God is going to judge us by His standard, not by ours. He
does it by an absolute standard, not by a comparative standard. This may not
make sense to you.

I could not live by God’s standard, and your son could not.
So we both called on His grace and mercy.

St. Paul wrote, “You see just at the right time, when we
were still powerless, Christ died for the ungodly” (Romans 5:6). “But God
demonstrates his own love for us in this: while we were still sinners, Christ
died for us” (Romans 5:8). “He was delivered over to death for our sins and was
raised to life for our justification” (Romans 4:25).

Christ died for the ungodly. He loved and died for
sinners. It is necessary to be ungodly in order to go to heaven. Christ
did not die for good people. Good people do not need forgiveness. St. Paul
wrote, “There is no one righteous, not even one” (Romans 3:10). “For all have
sinned and fall short of the glory of God” (Romans 3:23). “The wages of sin is
death, but the gift of God is eternal life through Jesus Christ our Lord”
(Romans 6:23).

No one naturally can live a righteous life.
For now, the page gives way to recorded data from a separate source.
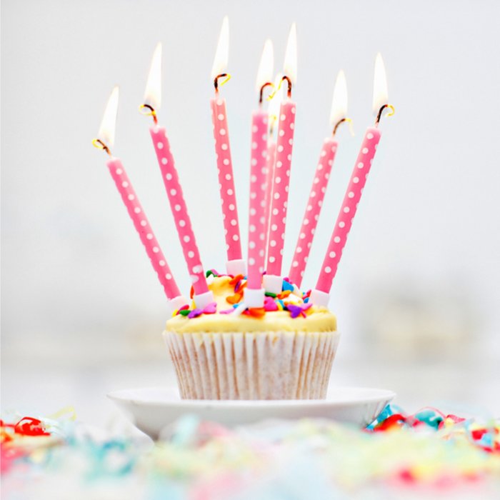 Leuke verjaardagskaart met een cupcake met kaarsjes.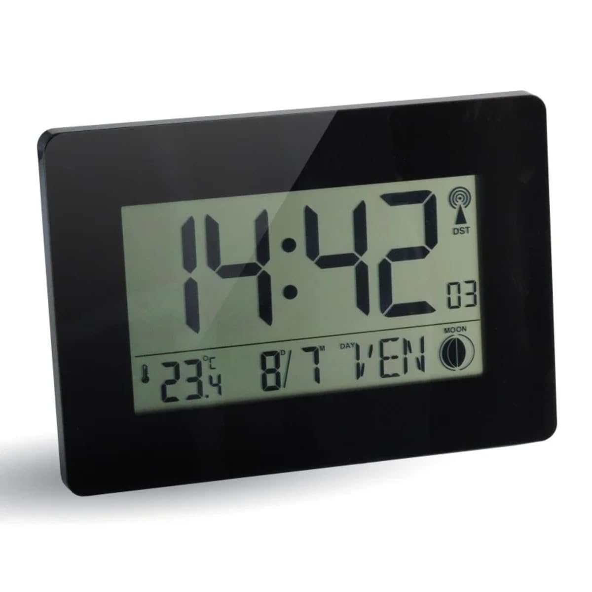 Image: The Orium 11094 Digital RC Austin clock, black plastic, showing the time 14:42, positioned on a white shelf next to decorative items in a contemporary room.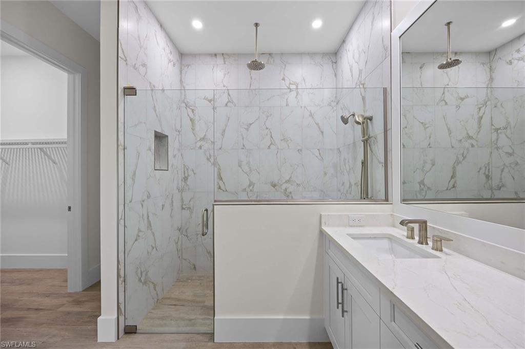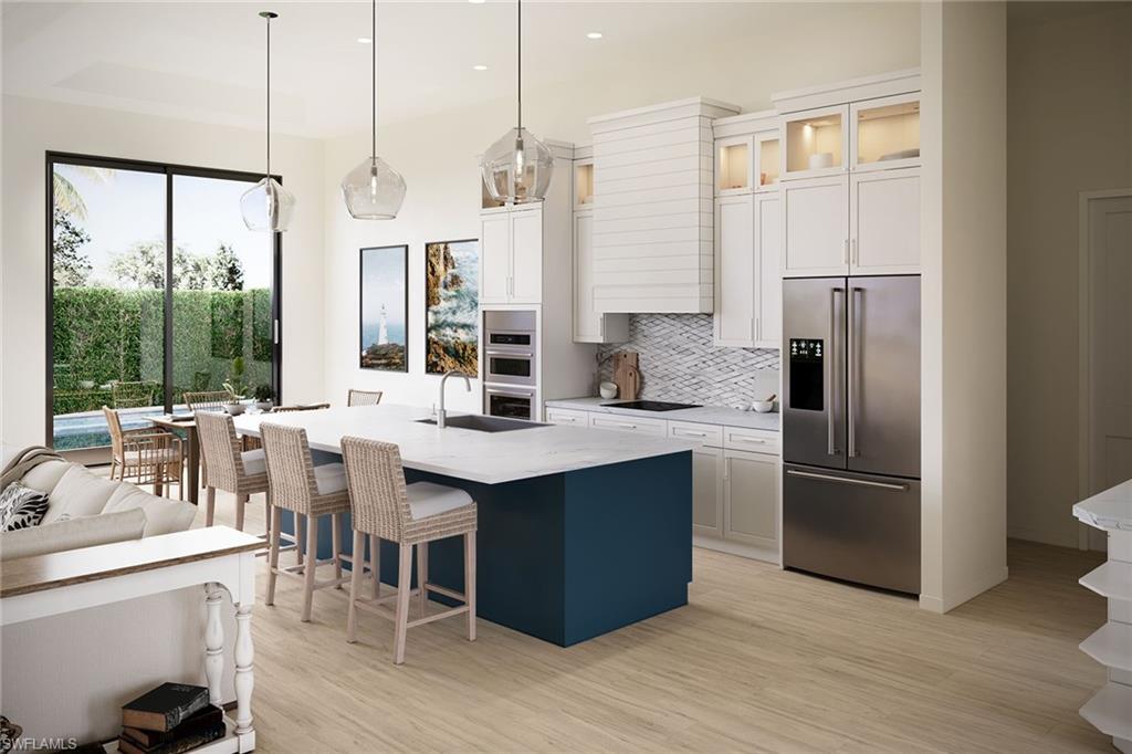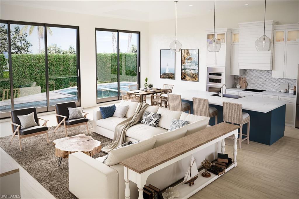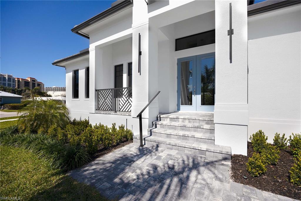 As featured on Fox News' lifestyle show 'Out about in SW Florida'. Newly completed coastal contemporary new construction. Spectacular location! At the time of new listing, this is the lowest priced new construction on the market in the heart of South Beach! Only a few blocks from the prestigious JW Marriott & Marco Beach Ocean Resort, where you will find some of the best restaurants on Marco. A few blocks to Marco Walk, Hilton & Marriott Crystal Shores (restaurants/bars, shops, ice cream/gelato, and movie theater) & access to South Beach. Expansive great room with open concept: 28 feet of sliding glass doors (3 sets; 10 foot tall), 12 foot ceilings with double tray to peak of 14 feet, gourmet kitchen with Shaker cabinets, shadow boxes above, Quartz tops (10 foot island), dry bar, & crown molding throughout. 4 bedroom, 3 ½ bath, 3 car garage. Shaker cabinets with Quartz tops in all bathrooms. Wood plank porcelain tile throughout. Hurricane impact windows & doors. Flat slate tile roof. Inviting pool & cascading spa surrounded by travertine tile lanai. Epoxy garage floor. Paver stone driveway. Excellent rental potential! Similar properties in this area can rent for upwards of $14, 000/week during High Season. Renderings are similar to finishes but not exact.

When your son received Christ, he received a new nature.
When that happened, it was then possible to live a righteous, holy life with a
desire to live it. He married a woman whose life had also been changed when she
received Christ.

You might not understand why they do what they do, but you
must know that they are happy and loving to everyone. They do not do this just
by choice, but because they have the fruit of the Spirit which is described in
Galatians 5:22: “But the fruit of the Spirit is love, joy, peace, patience,
kindness, goodness, faithfulness, gentleness, and self-control.” These are
gifts from God, not earned or deserved.

I realize you might be upset by this letter. You know that
your son has something in his life that you do not have and did not give to him.
This is something good that came from God.

God loves you because He is love and has love for everyone.